Doug Chapman dchapman at redhat.com
Mon Dec 10 19:20:49 UTC 2007


I certainly understand your frustrations however we need to look
forward, not backward.  We have made great progress during the F8 cycle,
although I admit a lot of that progress may not be visible to the end
user, it has been more in the building of the releases and fixing a lot
of individual packages.  This is exactly what is needed in order to get
Fedora ia64 back on par with the other architectures.

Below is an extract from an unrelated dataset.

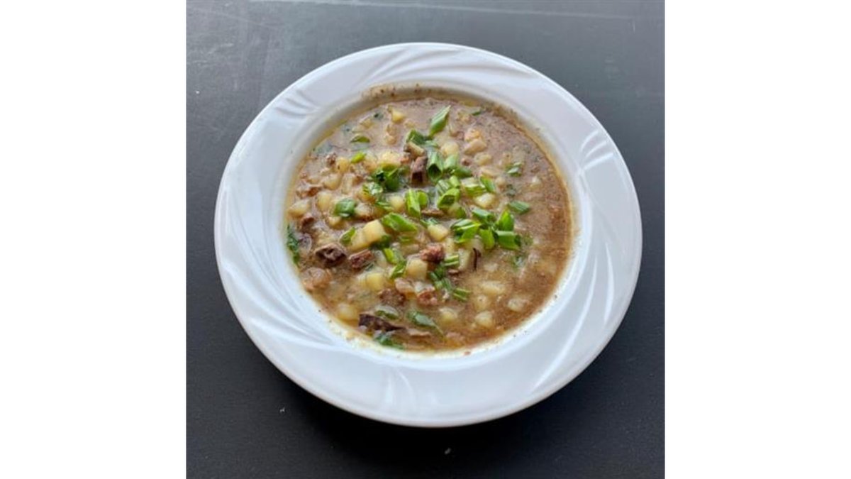 Бульон из говядины с добавлением картофеля, моркови, лука репчатого, казы .Подается с уйгурской лепешкой.
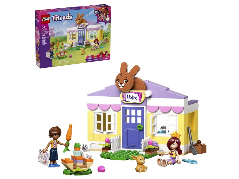 Отправляйтесь в мир историй с игрушкой «Отель для кроликов» LEGO Friends в городе Хартлэйк (42679) — для девочек и мальчиков от 5 лет. Этот набор для ролевых игр включает 2 мини‑фигурки и 2 игрушечных кролика — дети смогут придумывать истории об уходе за животными.Этот милый набор полон забавных деталей:специальная дверца для кроликов;симпатичная вывеска с кроликом;коврик в форме моркови;зона отдыха с кроватками для кроликов;чек‑лист для регистрации кроликов в отеле (заезда и выезда);зона отдыха на улице, где кролики могут посидеть вместе и полакомиться кексом с морковкой.Также в наборе есть аксессуары, которые вдохновляют детей ухаживать за питомцами:щётка;клубок пряжи;корм и вода для кроликов;совок для уборки за кроликами.Этот набор станет отличным подарком для девочек и мальчиков, которые любят животных. С приложением LEGO Builder дети погрузятся в интуитивное строительное приключение: смогут приближать и вращать модели в 3D по 3D‑инструкциям, сохранять наборы и отслеживать прогресс.В наборе 161 кубик.Отель для кроликовОтправляйтесь в мир историй вместе с девочками, мальчиками и любителями питомцев от 5 лет с этим набором с кроликами. В него входят:2 мини‑фигурки;2 кролика;аксессуары в тематике моркови.Забавные особенности отеляСоберите и исследуйте детализированный отель для кроликов с:дверцей для питомцев;зоной отдыха с кроватями для кроликов;множеством милых деталей — например, ковриком в форме моркови.2 персонажа LEGO FriendsВ набор «Отель для кроликов» LEGO Friends в городе Хартлэйк (42679) входят мини‑фигурки Пейсли и Лео, а также 2 фигурки животных — это пробуждает воображение.Аксессуары для игрушечных кроликовВ наборе множество аксессуаров для ухода за питомцами:щётка;клубок пряжи;кекс с морковкой;корм и вода для кроликов;совок для уборки за кроликами.Идея подаркаЭтот игровой набор станет весёлым подарком для любителей животных, которые любят придумывать собственные истории с игрушками для ролевых игр.Онлайн‑шоуОткройте для себя больше идей для творческой игры с другими наборами (продаются отдельно) и онлайн‑шоу LEGO Friends: The Next Chapter, где дети познакомятся с персонажами города Хартлэйк.Цифровые инструкции по сборкеПриложение LEGO Builder проведёт детей через цифровое строительное приключение: в нём можно приближать и вращать модели по 3D‑инструкциям, а также сохранять наборы и отслеживать прогресс.РазмерыНабор из 161 кубика включает модель размерами:высота — более 4 дюймов (11 см);ширина — 5 дюймов (13 см);глубина — 5 дюймов (12 см).

While GUI installs may not work on some systems we do have usable bits
when installed in text mode.  The vast majority of ia64 servers have no
graphics head at all.  Also, keep in mind that we are still at the
developmental stage for Fedora-ia64.

Starting in a week or so I hope to start building the rawhide (fedora
development tree) builds, these will also include installable iso
images.  This is the right place to address these installation and
packaging issues.  There simply are not enough resources in our
relatively small Fedora-ia64 community to do both respins of Fedora 8
_and_ rawhide.

- Doug


On Mon, 2007-12-10 at 11:49 -0700, John L. Bass wrote:
> Doug writes:
> > I don't plan on rebuilding F8 iso images.  This would be better
> > addressed in the rawhide tree for F9.
> 
> I personally believe this is a mistake for several reasons.
> 
> 	1) The process that produced the iso's did not include a reasonable
> 	   first pass test cycle before they were frozen. Leaving GUI installs
> 	   on SR870 reference platforms broken because of a simple packaging
> 	   error. Volunteer help for this testing prior to ia64 F8 iso general
> 	   release was available.
> 
> 	2) Fedora release cycle is 6 months, and given that Fedora ia64 bits
> 	   tend to follow general release by several weeks, it's likely that
> 	   potentially clean ia64 iso's are 4-5 months away.
> 
> 	3) At least on SR870 reference platforms, the last three iso's are
> 	   broken for GUI installs.
> 
> 	4) All of this reflects badly on Fedora ia64 in general.
> 
> Until such a time that Fedora adopts ia64 as a primary release, it's unlikely
> there will be clean packages for everything that is in the i386 tree. The
> accepted process in those trees is to only include new packages which build
> on supported platforms and are stable. Otherwise the next Fedora release contains
> the last stable release for that package.
> 
> Architectures which are not part of the main stream testing process should adopt
> a similar policy ... release with the last known stable version of a package, to
> have a complete release. Yes, this means there might be some small version skew
> between a mainstream Fedora release and the packages in a Fedora ia64 release.
> But the release will be complete in itself, and not crippled with omissions.